OpenAI Symphony: From Supervising Coding Agents to Managing Work

· # AI News
OpenAI Symphony Coding Agent Orchestration

In August 2025, a three-person team at OpenAI began an experiment under a single constraint: they would not write a single line of application code themselves. Every piece of application logic, every test, every CI configuration, every document, every internal tool — Codex wrote it all. Five months later, the repository had accumulated roughly one million lines of code and 1,500 merged pull requests. The team estimated it would have taken ten times as long if done by hand.1

OpenAI named the methodology that emerged from this experience Harness Engineering. In early March 2026, they released its reference implementation as open source. The project is called Symphony.2

The Core Problem: Agents Without a Manager

Tools like Cursor, GitHub Copilot, and Claude Code are structured around a loop where a developer asks, and an agent responds. The human is always at the center. Agents react. Humans initiate, monitor, and retry.

The limits of this structure emerge at scale. When the number of issues to handle simultaneously grows to five, ten, or more, the developer’s attention becomes the bottleneck. No matter how capable the agent, throughput cannot increase as long as a human must press “go” each time.

This is the problem Symphony set out to solve. Instead of supervising agents, teams manage work.

[!KEY] Symphony’s paradigm shift: “The developer hands work to the agent” → “The issue tracker automatically summons the agent”

What It Does: The Lifecycle of an Implementation Run

Symphony’s core unit of execution is the Implementation Run. It refers to the entire autonomous process an agent handles — from the moment an issue enters a designated state (by default, Todo or In Progress) through to a merged PR or a handoff to human review.

flowchart TD
    A[Linear 이슈<br/>상태: Todo] -->|30초마다 폴링| B[오케스트레이터<br/>적격 이슈 탐지]
    B --> C[워크스페이스<br/>격리 생성]
    C --> D[WORKFLOW.md<br/>프롬프트 렌더링]
    D --> E[Codex App-Server<br/>실행]
    E --> F{결과}
    F -->|성공| G[CI 통과 / PR 생성<br/>Human Review 상태로 전환]
    F -->|실패| H[지수 백오프<br/>재시도 큐]
    F -->|이슈 상태 변경| I[에이전트 중단<br/>워크스페이스 정리]
    G --> J[인간 검토 후 머지]
    H -->|최대 5분 대기| B

Each issue is assigned its own isolated workspace directory. While agent A processes ABC-42, agent B can work on ABC-43 without any filesystem-level conflicts. This isolation is what allows Symphony to run ten agents concurrently by default, and more with configuration.

Proof of Work is another noteworthy feature. An agent’s job does not end with writing code. Before advancing to the next stage, it must produce CI status reports, PR review feedback, complexity analysis, and a walkthrough recording of its changes. Completion is demonstrated through verifiable artifacts — not just a claim that the agent “did something.”
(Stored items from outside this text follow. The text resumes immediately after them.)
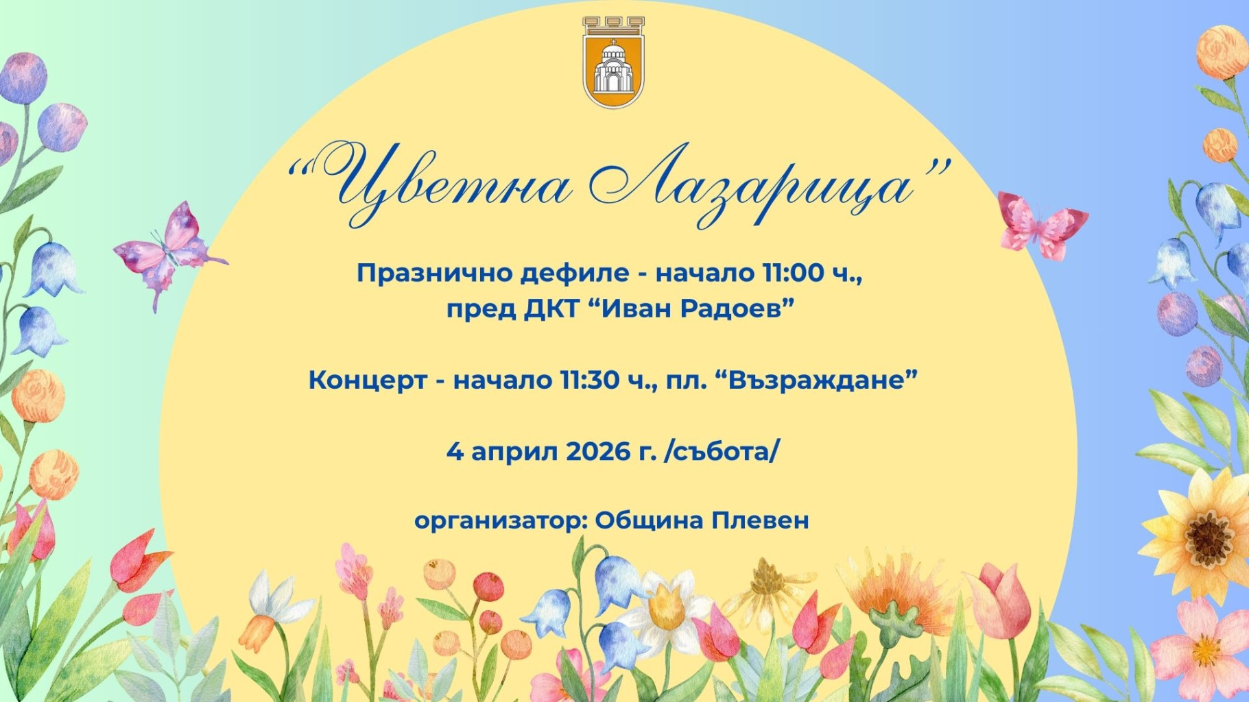 Плевен ще отбележи Лазаровден на 4 април (събота) 2026 г. с празнично детско дефиле и пролетен концерт под наслов „Цветна Лазарица”, съобщиха от Община Плевен.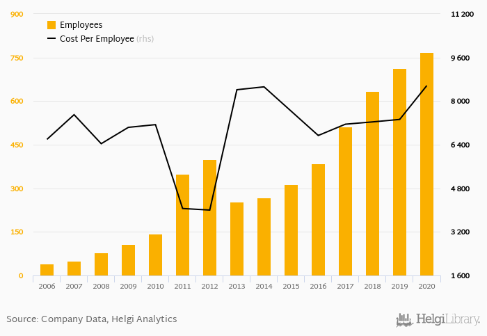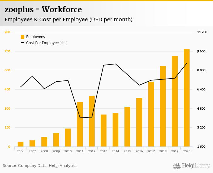 zooplus employed 768 employees in 2020, up 7.71% compared to the previous year. Historically, between 2006 and 2020, the firm's workforce hit a high of 768 employees in 2020 and a low of 40.0 employees in 2006.
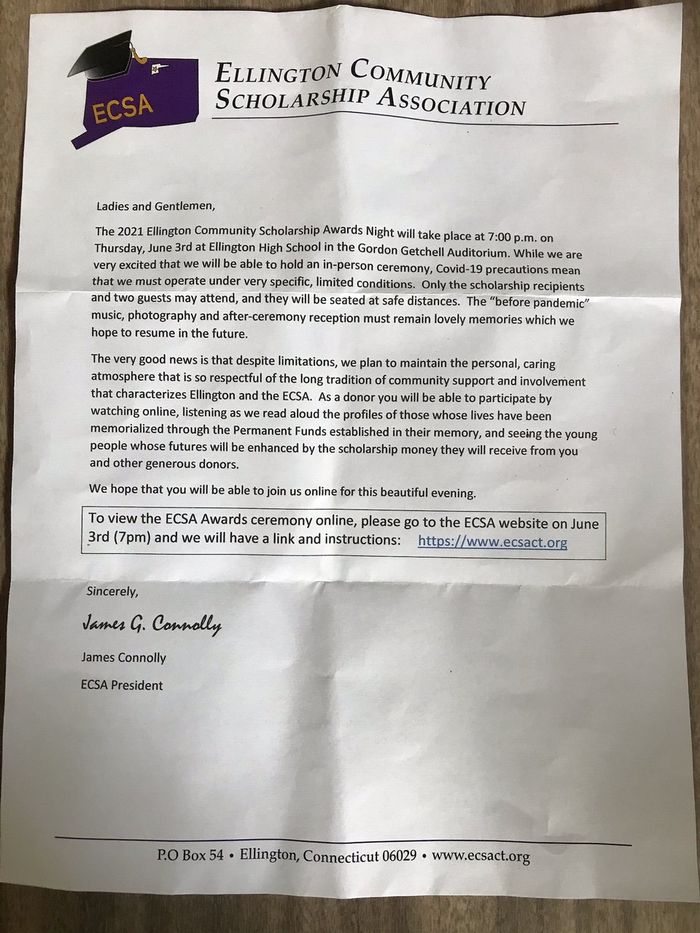 Over the years, ECSA has awarded hundreds of thousands of dollars to Ellington students going on to college or technical and trade schools. Since 1990 alone, ECSA has awarded more than $1,000,000 to Ellington students pursuing a post-secondary education. ECSA is a nonprofit organization with exemption status granted pursuant to section 501(c) (3) of the Federal Internal Revenue Code.

Architecture: Eight Layers

SPEC.md defines eight components in Symphony’s architecture.3

ComponentRole
Workflow LoaderParses WORKFLOW.md; extracts YAML front matter and prompt templates
Config LayerTyped getters; environment variable priority handling
Issue Tracker ClientLinear GraphQL polling; returns a normalized issue model
OrchestratorOwns the polling loop; manages runtime state; decides dispatch, retry, and halt
Workspace ManagerCreates per-issue directories; runs lifecycle hooks; handles cleanup
Agent RunnerSpawns the Codex App-Server process; handles stdio JSON-RPC stream
Status Surface (optional)Phoenix LiveView dashboard; /api/v1/* HTTP API
LoggingRoutes structured logs to stdout, files, or external services

Of these, the Orchestrator stands out for managing all runtime state in a single in-memory map. The state — comprising running, claimed, retry_attempts, and completed — was designed to support restart recovery without a persistent database. Failed agents are automatically placed back in the retry queue after an exponential backoff of up to five minutes.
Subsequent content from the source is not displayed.